%%

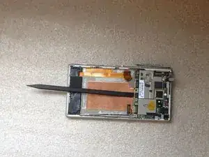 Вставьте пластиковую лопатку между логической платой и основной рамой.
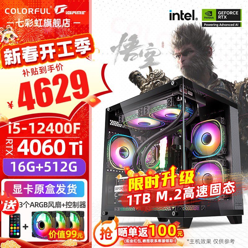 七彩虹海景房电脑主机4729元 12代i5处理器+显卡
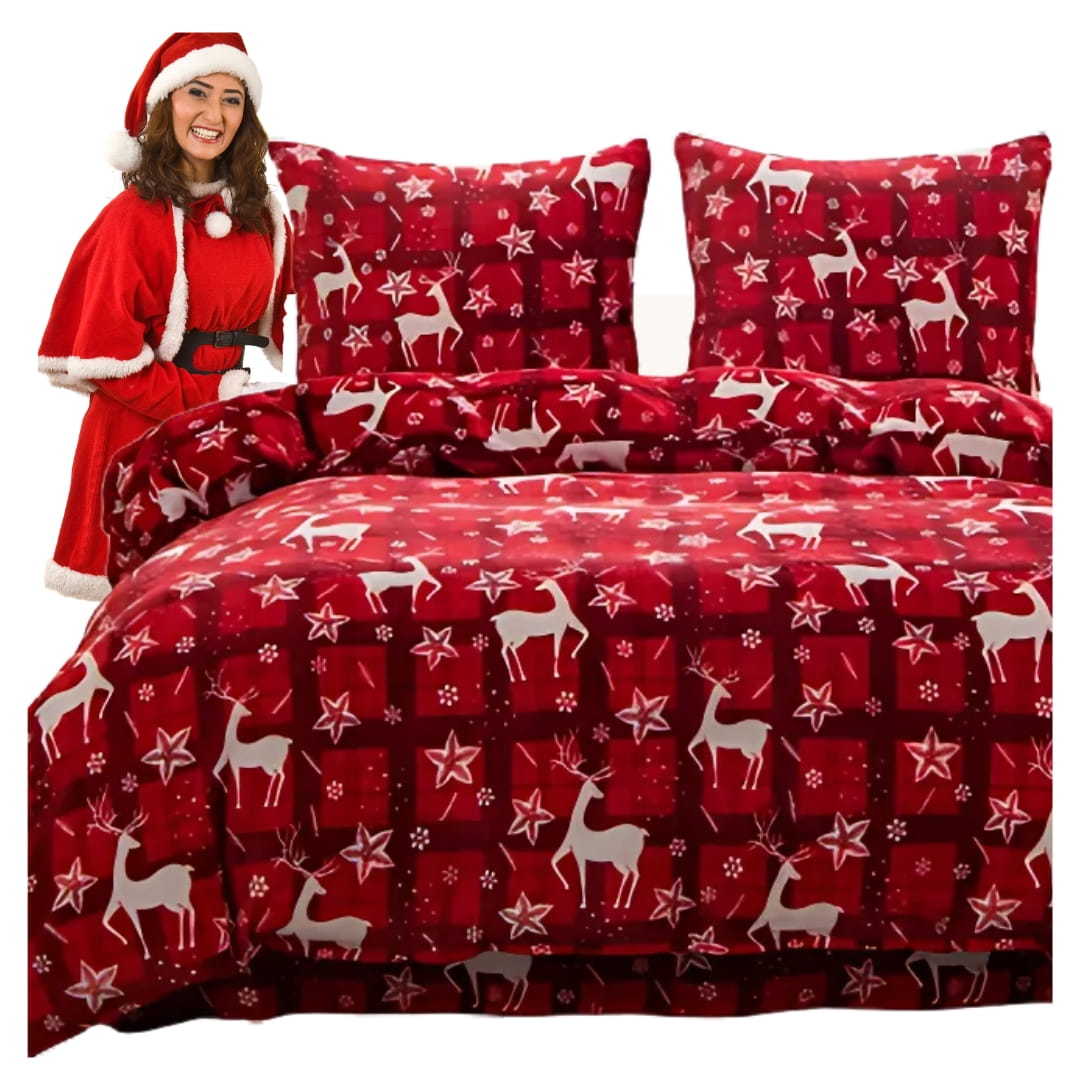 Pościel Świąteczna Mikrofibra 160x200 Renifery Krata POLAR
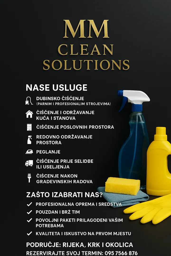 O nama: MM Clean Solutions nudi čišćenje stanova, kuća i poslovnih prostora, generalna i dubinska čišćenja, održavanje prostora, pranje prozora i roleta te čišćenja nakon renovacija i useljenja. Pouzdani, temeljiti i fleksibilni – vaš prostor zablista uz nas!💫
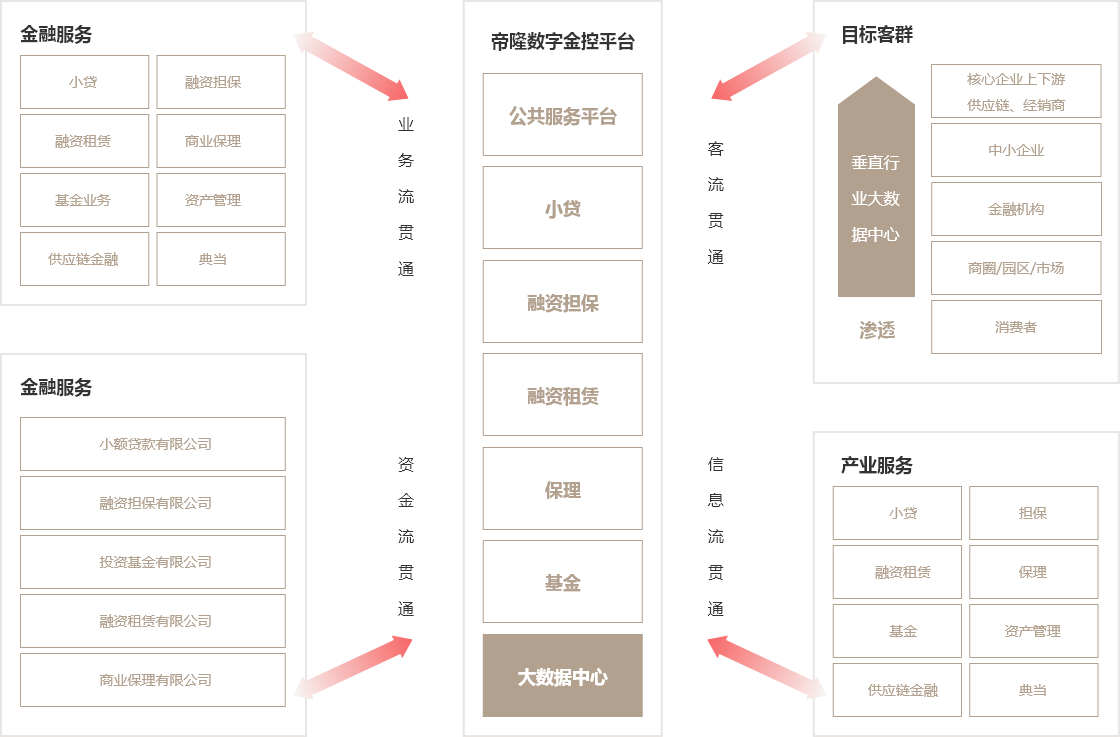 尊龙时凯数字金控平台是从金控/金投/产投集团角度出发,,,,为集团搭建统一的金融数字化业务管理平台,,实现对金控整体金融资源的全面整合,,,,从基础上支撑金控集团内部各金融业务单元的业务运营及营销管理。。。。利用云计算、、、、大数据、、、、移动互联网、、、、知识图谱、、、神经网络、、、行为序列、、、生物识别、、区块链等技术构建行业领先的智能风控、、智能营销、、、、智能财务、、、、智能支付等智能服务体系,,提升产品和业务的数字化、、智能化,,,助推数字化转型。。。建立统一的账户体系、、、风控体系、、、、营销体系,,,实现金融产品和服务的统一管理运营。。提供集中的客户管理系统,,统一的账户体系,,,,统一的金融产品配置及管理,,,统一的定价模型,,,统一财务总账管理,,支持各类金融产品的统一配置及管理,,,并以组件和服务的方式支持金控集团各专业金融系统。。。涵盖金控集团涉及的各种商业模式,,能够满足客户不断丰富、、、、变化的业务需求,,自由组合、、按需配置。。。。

%%

**TASK DETAILS:**
Pictures are to be left out; the answer must otherwise be exactly the lines from the one with "Pościel Świąteczna Mikrofibra" through the final line of the entries above, both included.

**SOLUTION FOR THIS EXERCISE:**
 Pościel Świąteczna Mikrofibra 160x200 Renifery Krata POLAR
 O nama: MM Clean Solutions nudi čišćenje stanova, kuća i poslovnih prostora, generalna i dubinska čišćenja, održavanje prostora, pranje prozora i roleta te čišćenja nakon renovacija i useljenja. Pouzdani, temeljiti i fleksibilni – vaš prostor zablista uz nas!💫
 尊龙时凯数字金控平台是从金控/金投/产投集团角度出发,,,,为集团搭建统一的金融数字化业务管理平台,,实现对金控整体金融资源的全面整合,,,,从基础上支撑金控集团内部各金融业务单元的业务运营及营销管理。。。。利用云计算、、、、大数据、、、、移动互联网、、、、知识图谱、、、神经网络、、、行为序列、、、生物识别、、区块链等技术构建行业领先的智能风控、、智能营销、、、、智能财务、、、、智能支付等智能服务体系,,提升产品和业务的数字化、、智能化,,,助推数字化转型。。。建立统一的账户体系、、、风控体系、、、、营销体系,,,实现金融产品和服务的统一管理运营。。提供集中的客户管理系统,,统一的账户体系,,,,统一的金融产品配置及管理,,,统一的定价模型,,,统一财务总账管理,,支持各类金融产品的统一配置及管理,,,并以组件和服务的方式支持金控集团各专业金融系统。。。涵盖金控集团涉及的各种商业模式,,能够满足客户不断丰富、、、、变化的业务需求,,自由组合、、按需配置。。。。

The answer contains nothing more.